##### Dataset records
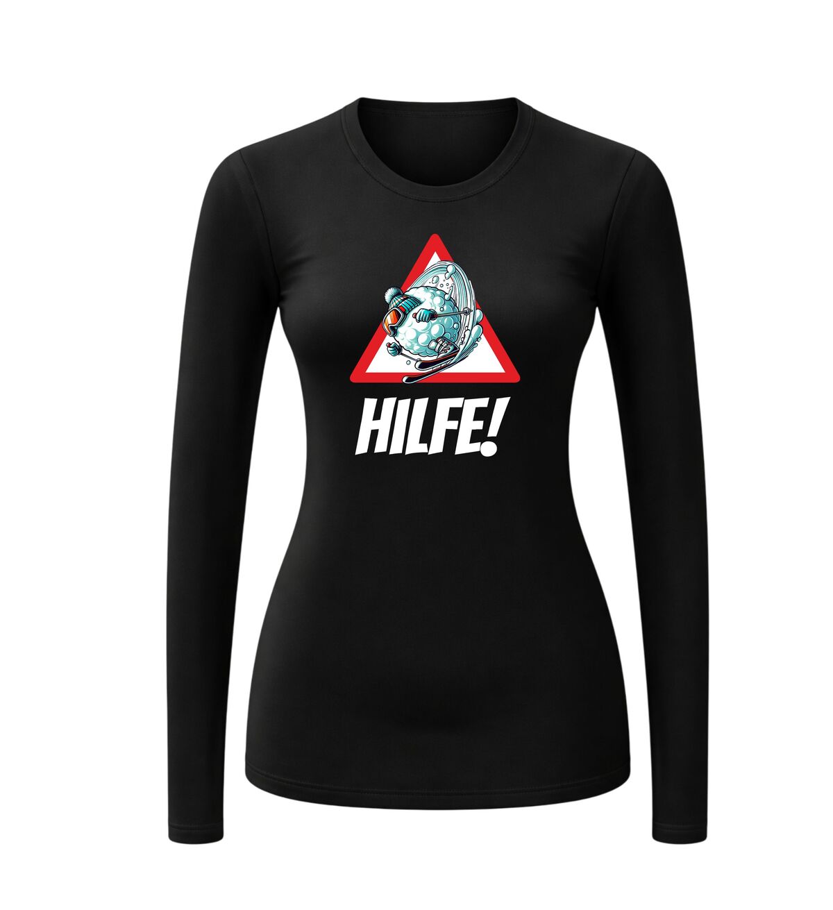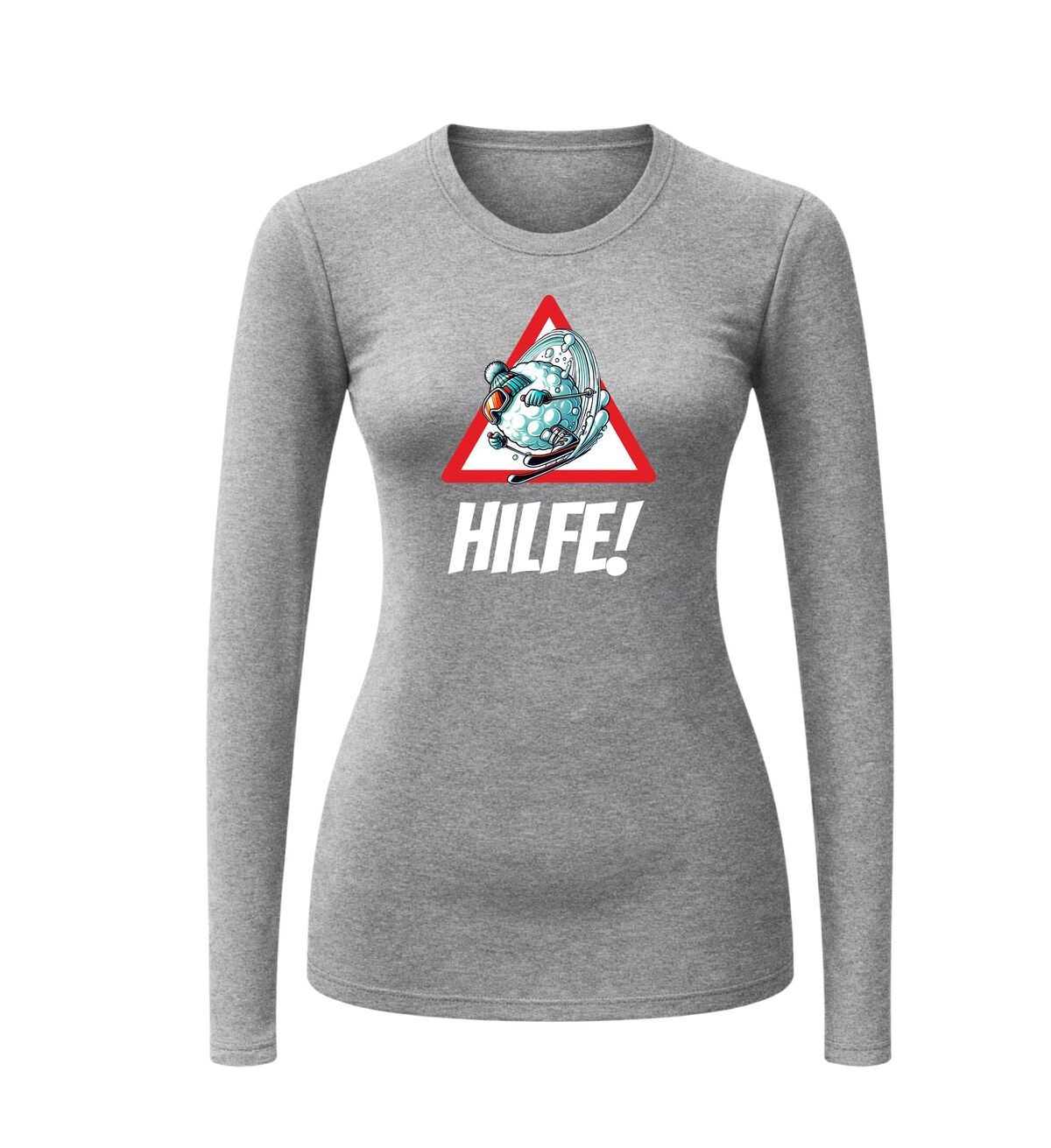 Super vet Apres ski T-shirt lange mouw. Voorzien van de Duitse tekst “Hilfe” en hulp heeft deze skier wel nodig hij gaat met een rot gang naar beneden!
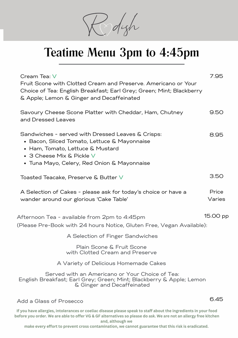 Our Cakery menu features a broad assortment of cakes and snacks, in addition to a great choice of hot and cold drinks such as teas, and a variety of coffee options - Fancy an espresso or a Latte? We've got you covered. Our menu also has a great range of gluten-free, dairy-free, and vegan options so no matter what, theres always something delicious right around the corner!
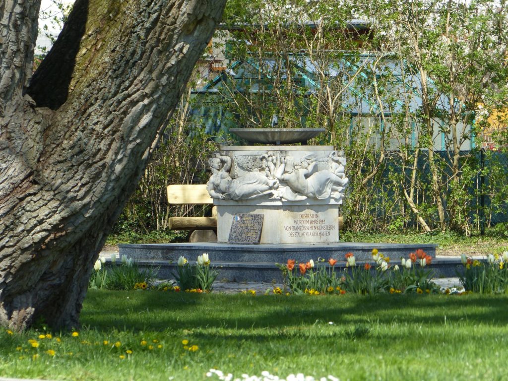 10 – Stalag VII-A, Moosburg an der Isar (Allemagne) : en 1963, année de la signature du Traité franco-allemand de l’Elysée, est inaugurée la « Fontaine française » (Franzosenbrunnen), une fontaine commémorative érigée au milieu de la place du souvenir du Stalag VII-A, dont les bas-reliefs représentent les 4 grands fleuves français et qui a été conçue en 1942/43, durant sa captivité, par Antoniucci Volti (1915-1989), un artiste prisonnier de guerre français d’origine italienne.
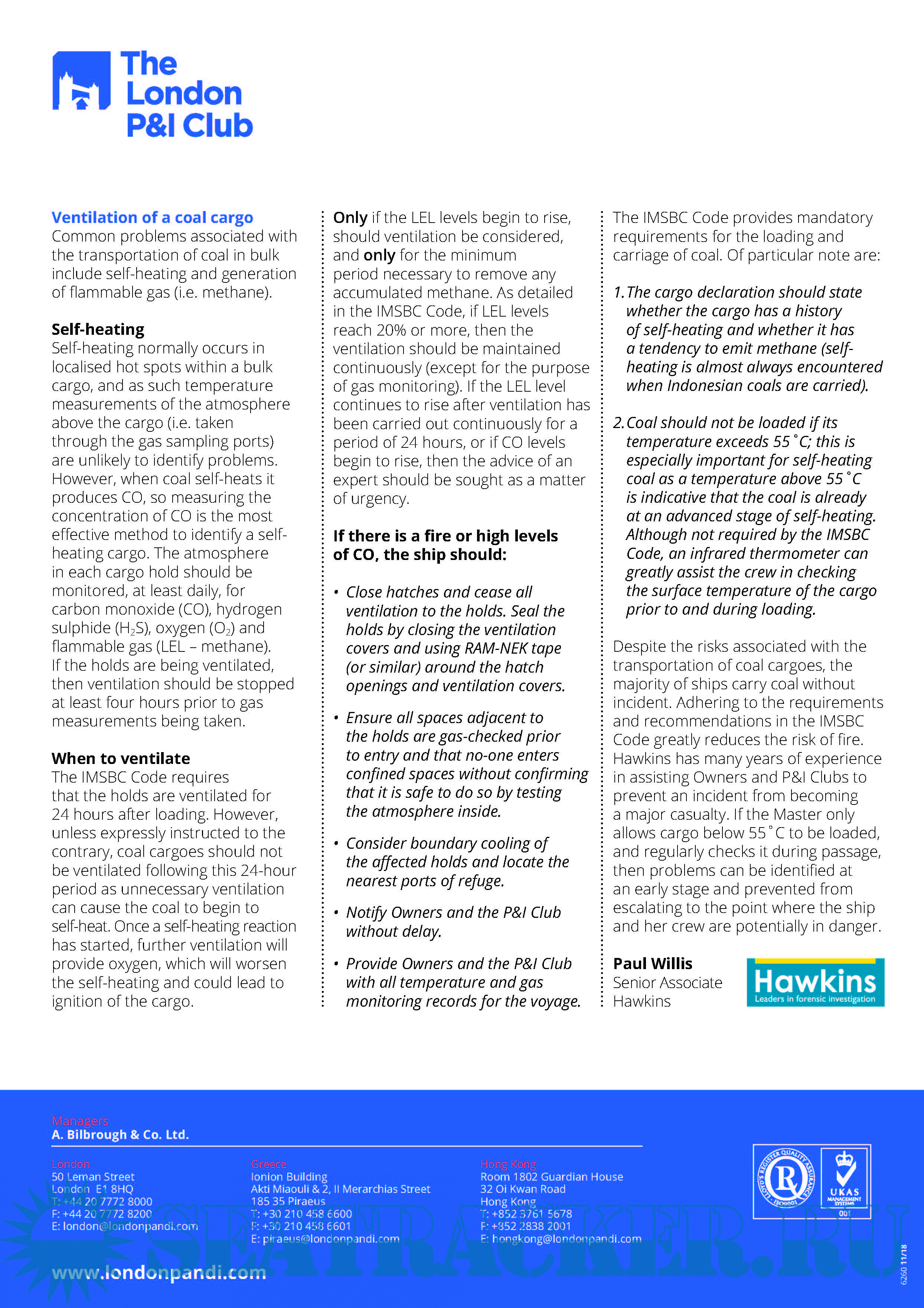Year: 2018 Language: english Author: The London P&I Genre: Guide Format: PDF Quality: eBook Pages count: 5 Description: Management of coal cargoes and proper use of gas detection equipment are key to preventing coal fire claims.
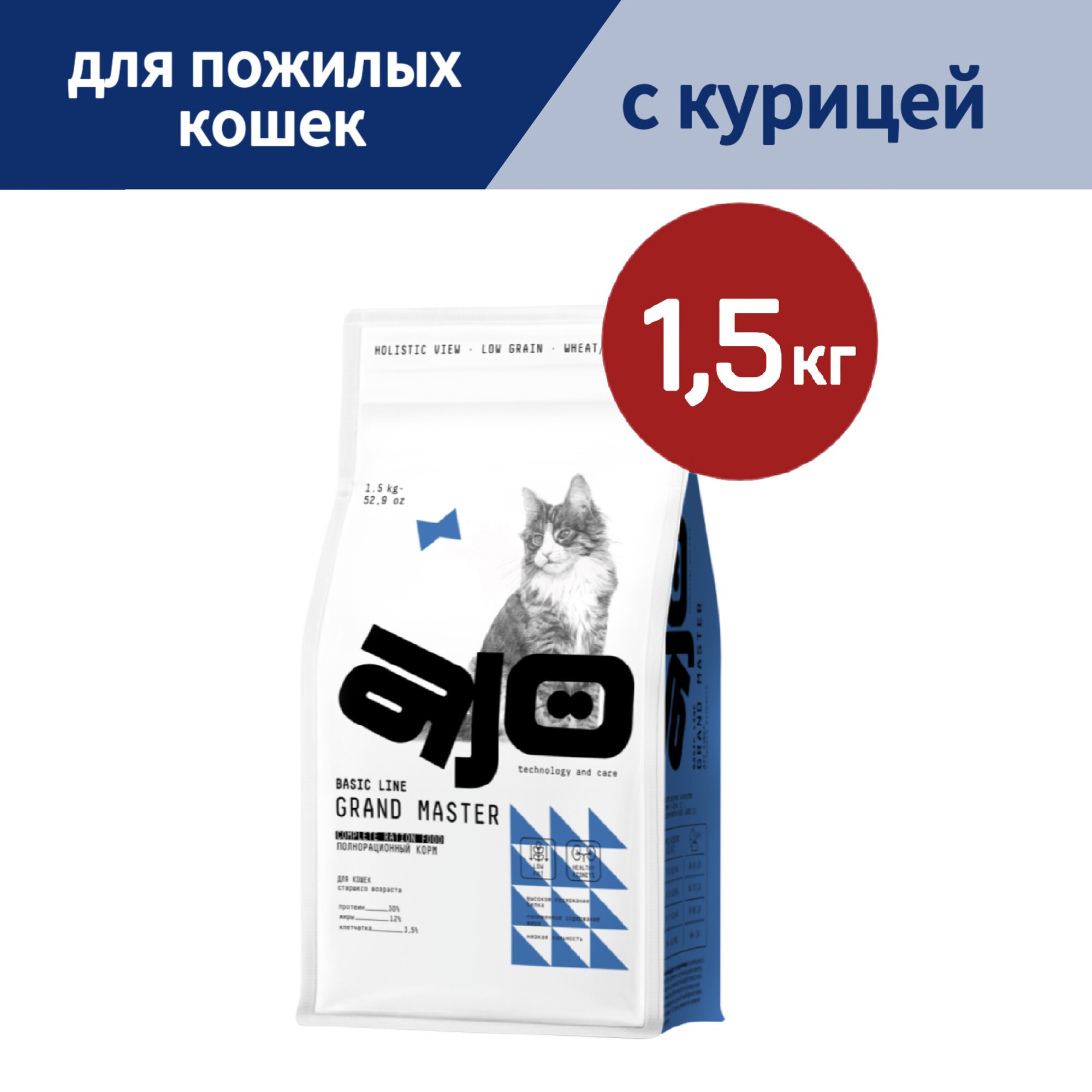 Купить AJO Grand Master сухой полнорационный корм для кошек старшего возраста с курицей 1,5 кг
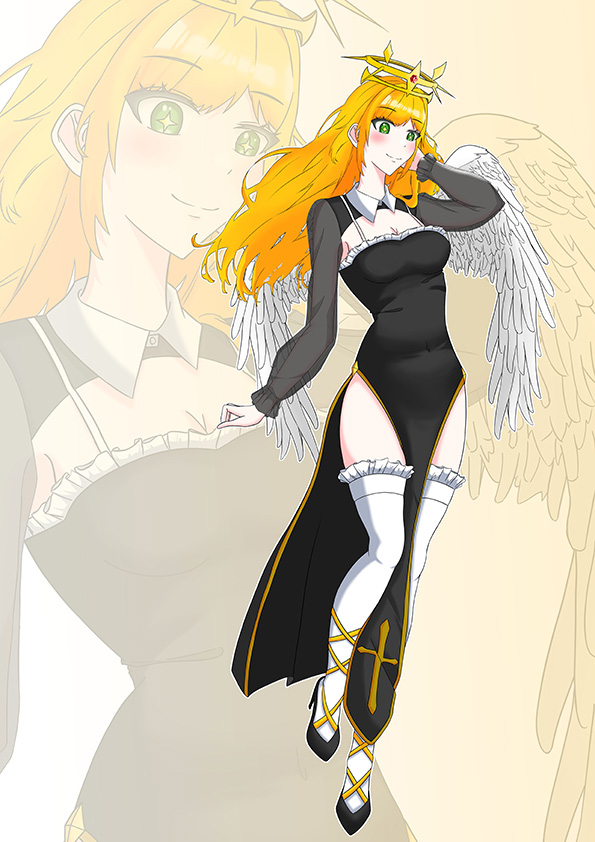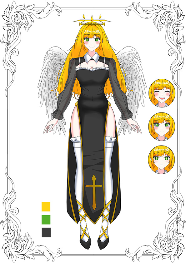 수녀복을 입은 천사 컨셉의 캐릭터 디자인 및 일러스트입니다.
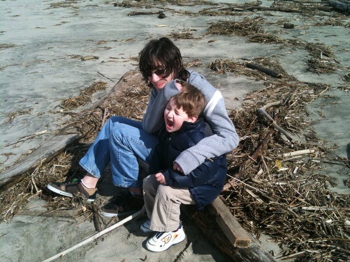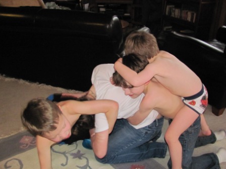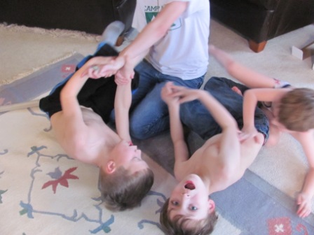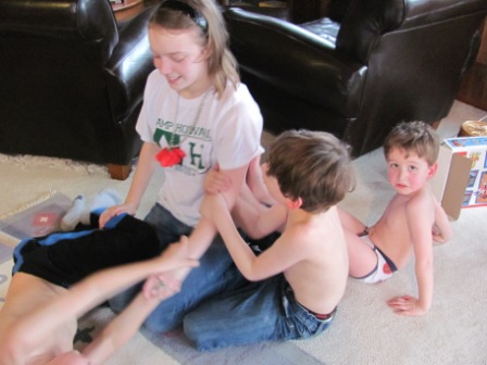 After we recovered from Mike’s big birthday festivities, on Tuesday we said goodbye to our friends who headed back to Portland. But before they left, Kristin and I took Aimee (the lone female child amid four boys!) off to Cannon Beach for a girls’ day out. I forgot to take photos…but we had a great time touring such favorite spots as the DragonFire Studio and Gallery, the Cannon Beach Book Company, Geppetto’s Toys, and other shops. It was a blessedly quiet and civilized outing! Meanwhile, Mike and Roger took the boys to the beach and to Flamingo Jim’s to buy bows and arrows and knives. (Does this sound gender biased or what??) Then Aimee got tackled by the younger boys…who were going around shirtless (or in Nick’s case, shirtless and pantless–he was “George of the Jungle”!).
##########
* _About this task_
Whatever lies between the first line of the data and the line holding "10 – Stalag", inclusive, should be repeated exactly, apart from the pictures.

* _Answer area_
 Super vet Apres ski T-shirt lange mouw. Voorzien van de Duitse tekst “Hilfe” en hulp heeft deze skier wel nodig hij gaat met een rot gang naar beneden!
 Our Cakery menu features a broad assortment of cakes and snacks, in addition to a great choice of hot and cold drinks such as teas, and a variety of coffee options - Fancy an espresso or a Latte? We've got you covered. Our menu also has a great range of gluten-free, dairy-free, and vegan options so no matter what, theres always something delicious right around the corner!
 10 – Stalag VII-A, Moosburg an der Isar (Allemagne) : en 1963, année de la signature du Traité franco-allemand de l’Elysée, est inaugurée la « Fontaine française » (Franzosenbrunnen), une fontaine commémorative érigée au milieu de la place du souvenir du Stalag VII-A, dont les bas-reliefs représentent les 4 grands fleuves français et qui a été conçue en 1942/43, durant sa captivité, par Antoniucci Volti (1915-1989), un artiste prisonnier de guerre français d’origine italienne.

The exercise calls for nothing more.